Right to Life welcomes the submission of the Disability Commissioner, Paula Tesoriero in defence of the right to life of the disabled in New Zealand. She believes that there are major concerns about safeguards in the bill and that, “the key thing for New Zealanders to understand is that this bill goes beyond terminal illness,” and that “quite a range of disabilities or chronic health conditions could be considered a grievous or irremediable condition.’ She states that safeguards in place in this bill are woefully inadequate for terminal illness”, and that ““This whole bill is premised on a medical model, not the social model of disability which says that you are only disabled by the barriers that are put in your way. What we have to focus on is improving the support systems available to disabled people to enable them to live good lives rather than focusing on enabling a good death”.
Peter Thirkell the Secretary for the Care Alliance also expresses concern about the bill.
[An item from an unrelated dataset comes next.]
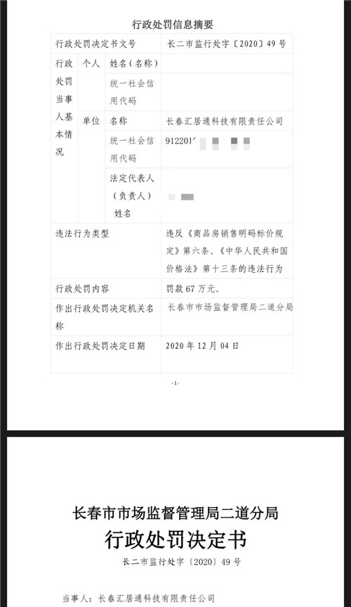 決定書顯示,該案中,長(zhǎng)春市鵬和房屋開發(fā)有限責(zé)任公司向匯居通提供了每平方米9050元左右的底價(jià),匯居通在銷售商品房時(shí),將約定價(jià)(最終售價(jià))與底價(jià)之差作為“溢價(jià)金”向購房人收取,作為銷售傭金。但在介紹房源時(shí),銷售方未明碼標(biāo)價(jià),違反了相關(guān)法律法規(guī),擾亂市場(chǎng)秩序。責(zé)令其改正違法行為,并處以67萬元罰款。上圖為長(zhǎng)春市市場(chǎng)監(jiān)管部門出具的行政處罰決定書
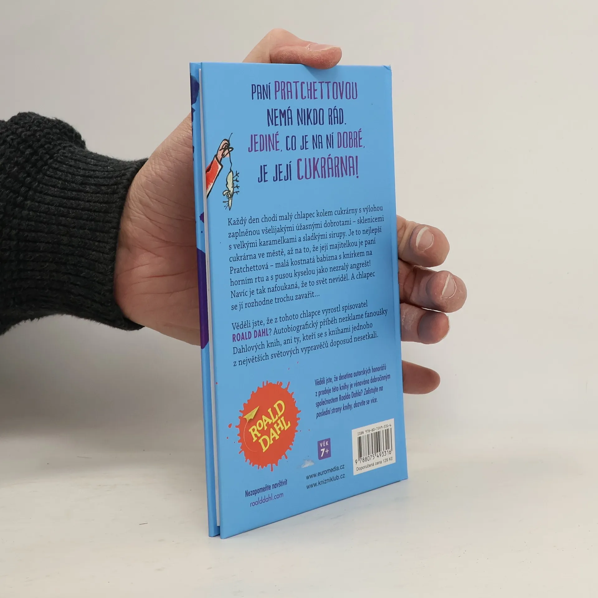 Každý den chodí malý chlapec kolem cukrárny s výlohou zaplněnou všelijakými úžasnými dobrotami – sklenicemi s velkými karamelkami a sladkými sirupy. Je to nejlepší cukrárna ve městě, až na to, že její majitelkou je paní Pratchettová – postarší vytáhlá babizna se špínou za nehty! Navíc je tak nafoukaná, že to svět neviděl. A chlapec se jí rozhodne trochu zavařit… Věděli jste, že z tohoto chlapce vyrostl spisovatel Roald Dahl? Autobiografický příběh nezklame fanoušky Dahlových knih, ani ty, kteří se s knihami jednoho z největších světových vypravěčů doposud nesetkali. Kniha je určena pro děti od 7 let.

In an article on the Newshub website on 9th March, entitled ‘David Seymour needs to listen to NZ about euthanasia’, he claims Seymour is a “master of spin”.
In an article by Thomas Coughlan, on the Newsroom website on 8th March 2018, Couhglan states that David Seymour has said that the bill’s drafting was clear and that only people with terminal illnesses, whether disabled or not, could make use of euthanasia services. This misrepresents his bill to falsely claim that the disabled are required to be in a terminal condition to qualify for assisted suicide or a lethal injection. They are not as is clear from the actual wording of the bill. (link to Parliamentary website)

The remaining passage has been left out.